What is it and should you care ?
Speakers John Houlker, Neil James, Simon Riley
A coalition of USA 170 universities as well as research networks in Canada,
EU and Australia plus a few dozen corporations
have been pooling their resources to build the Internet 2 framework, which researchers are now using to develop a variety of
futuristic, high-bandwidth applications.
Internet 2 is built on a foundation of several networks capable of carrying
data at dizzying speeds using connections up to 3
gigabits per second.
For example, research teams at Stanford University are using Internet 2
to develop a variety of long-distance applications: a
robotic helicopter that can be remotely controlled by spoken commands, a system for transmitting three-dimensional models of
brain activity to remote locations, several videoconferencing courses involving students on multiple continents, and tools to
allow surgeons to collaborate on operations happening thousands of miles away.

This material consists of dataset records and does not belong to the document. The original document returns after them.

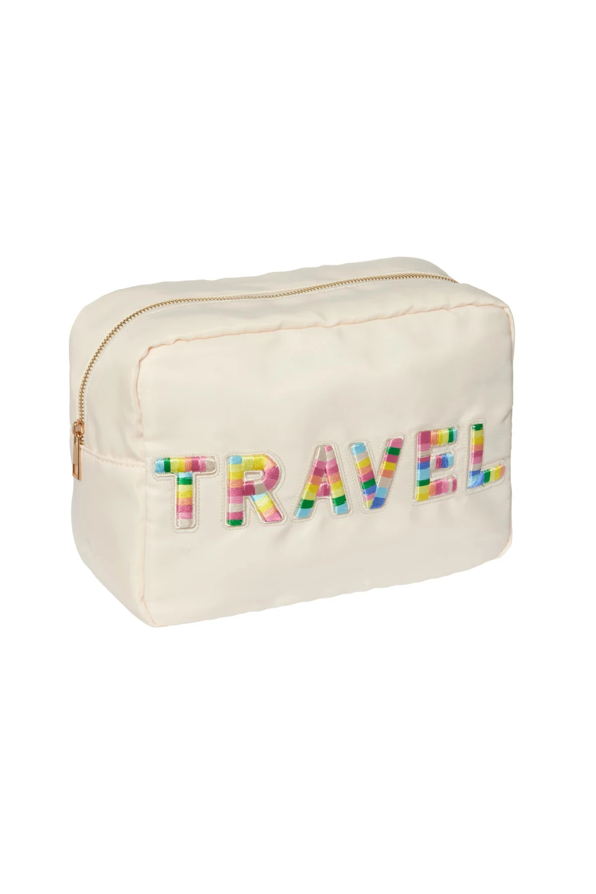 Pouch features a colorful ‘TRAVEL” graphic and offers a zip closure.
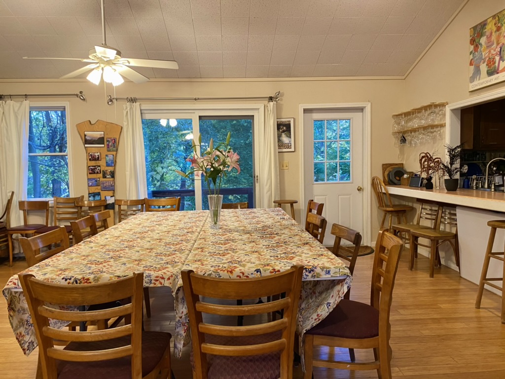 It is a multi-generational community with opportunities for communal meals (up to 3 meals/week at times), weekly “happy hour” socializing, Sunday potlucks, or work/play parties.
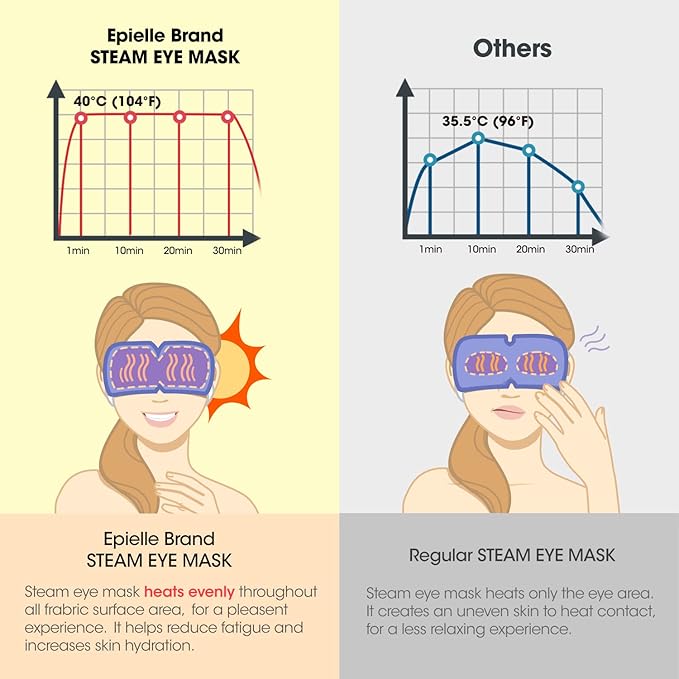 - STEAM EYE-MASK: The Self-heating Steambase Steam eye mask has Korea Onyang Hot Spring water steam that works in relaxing your eyes in just 20 minutes. Try all out scents: Crisp Air, Sweet Lavender, Soft Grapefruit, Herbal Chamomile, Unscented, and Rose Garden.
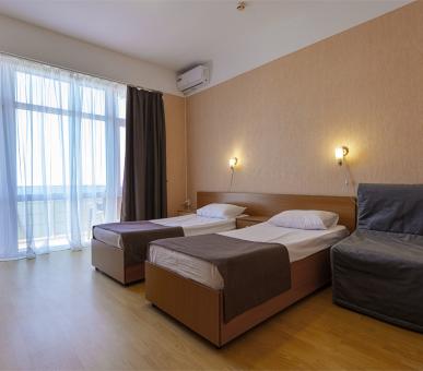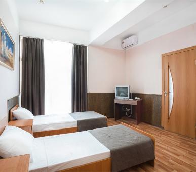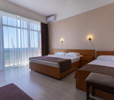 В современном здании отеля – пять этажей, галереи и балконы. «Атлантида» рассчитана на проживание более 66 человек. В каждом номере – все необходимые удобства: санузел с ванной или душем, балкон, обязательный набор бытовой техники в виде сплит-системы, холодильника, телевизора. Доступ в Wi-Fi есть на территории отеля.
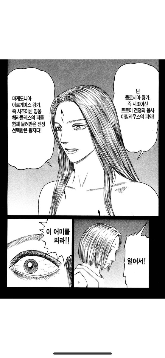 확실히 번역기로 돌려봐도 둘이 꽤 다른 느낌이군… 그니까 원어판 올림피아스 왕비는 아들한테 존댓말 쓰는 캐릭터인거지? ~~선택받은 왕자입니다.. 이 어미를 보세요! 이런 느낌이면 한국판으로는 이렇게…
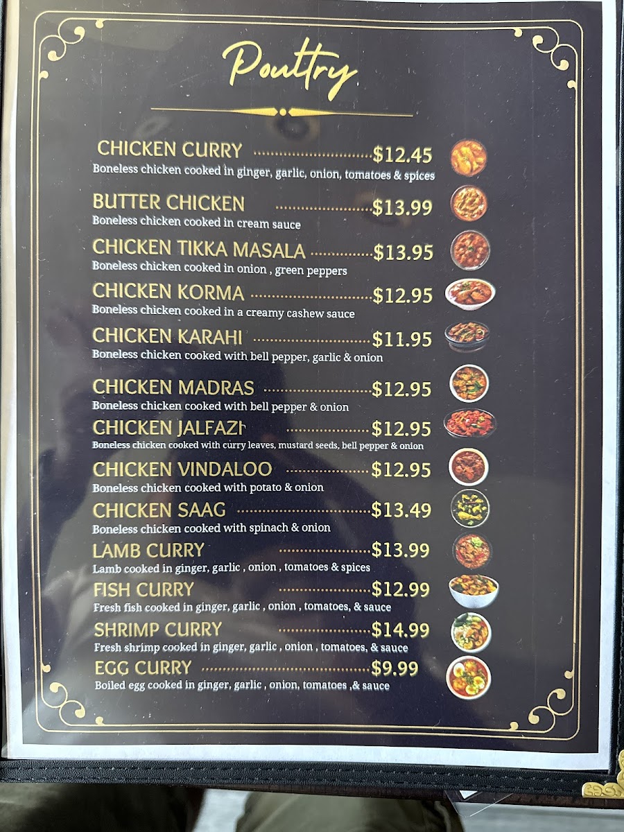 cubes of white chicken breast marinated in red & yellow spiced yogurt, spinach, served with cubes of onion, green pepper
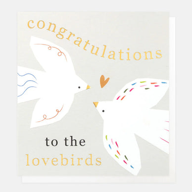 This cute 'congratulations to the lovebirds' card is perfect as an engagement or wedding card for a happy couple. Featuring gold foil and embossing for that extra special touch.
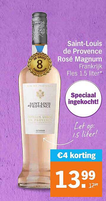 Bekijk nu de Saint-Louis de Provence Rosé Magnum 1.5 liter aanbieding in de Albert Heijn folder. Deze aanbieding is geldig van 14-04-2025 tot en met 20-04-2025.
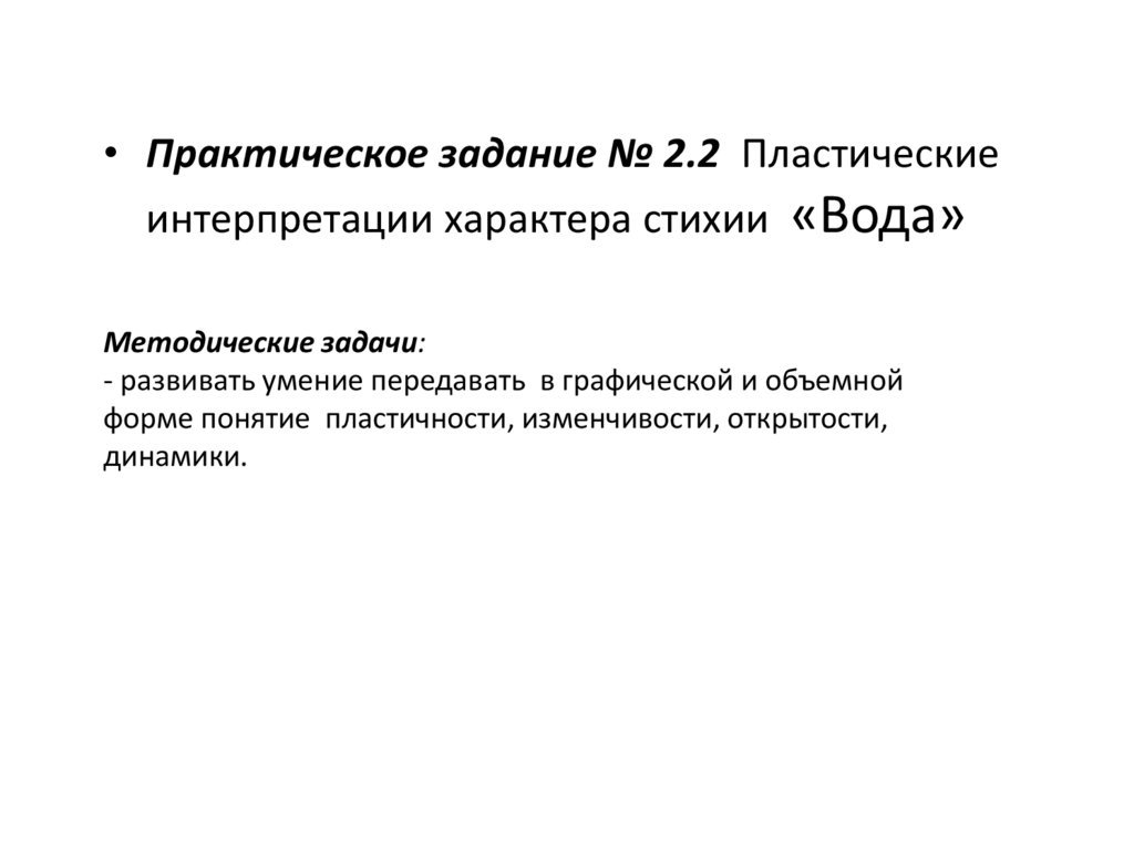 • Практическое задание № 2.2 Пластическиеинтерпретации характера стихии «Вода»
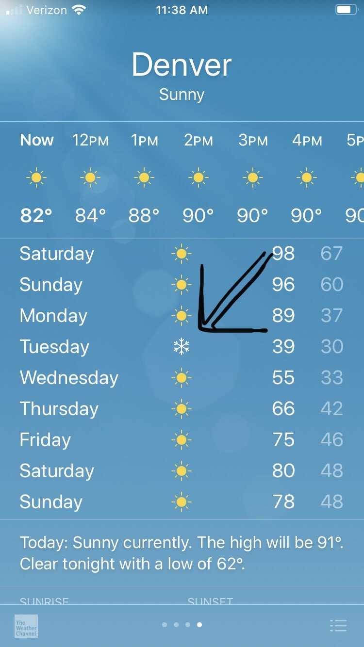Haber 7'de yer alan habere göre, ülkede açıklanan hava tahmin raporlarına göre, Denver kentinde 8 Eylül Salı günü kuvvetli bir soğuk hava dalgasının sıcaklığı 1 günde 28-30 derece düşürmesi ve kar yağışına neden olması bekleniyor. Tüm dünya bu olayı merakla beklerken, bölge halkı ise endişeyle karşılıyor.

Other applications are in the works, some of them commercial. A start up
company called Teleportec has developed a
broadband conferencing system that produces the illusion of a three-dimensional hologram, so you can use the Net to project a
ghostly image of yourself, Princess Leia-like, onto a specially equipped lectern. The governor of Texas, Rick Perry, recently
used the system to address a crowd in Dallas without ever leaving his office in Austin.
Teleportec's system (which costs $70,000) is data-intensive, requiring
384 to 768 kbps of bandwidth, the Texas governor's
address last month was transmitted over the Internet 2 network.
Will Internet 2 supersede the current Internet? Not really. The purpose
of Internet 2 is somewhat like that of the space program:
to produce lots of indirect benefits by funding primary research. So rather than actually building the next version of the Internet,
Internet 2 researchers hope to develop technologies and techniques that can later be applied to the public network by private
enterprise and the government. Using examples like Teleportec the results will be truly amazing.
There is a growing concern that New Zealand universities and research community
are falling behind their international
counterparts in access to high bandwidth data services that are needed to support Internet 2 One suggestion is for the
establishment of a National Research and Education networking body which would collaborate with AARNet (the Australian
Research and Education network) in the purchase of international data capacity in order to fully participate in the opportunities
from Internet 2.
This new body could represent New Zealand in international forums on research
and education networking, enabling New
Zealand to take place, in a peer relationship, in international initiatives such as the US Internet2 project.
The lack of progress even at the discussion level here in New Zealand regarding
the opportunities presented by Internet 2 when
compared to Australia and Canada for example who have recently completed the first phase of Internet 2 networks does not
bode well for the future, particularly in the context of progressing the notion of a "knowledge economy ". Limitations are for the
most part not technical but rather the lack of the imagination.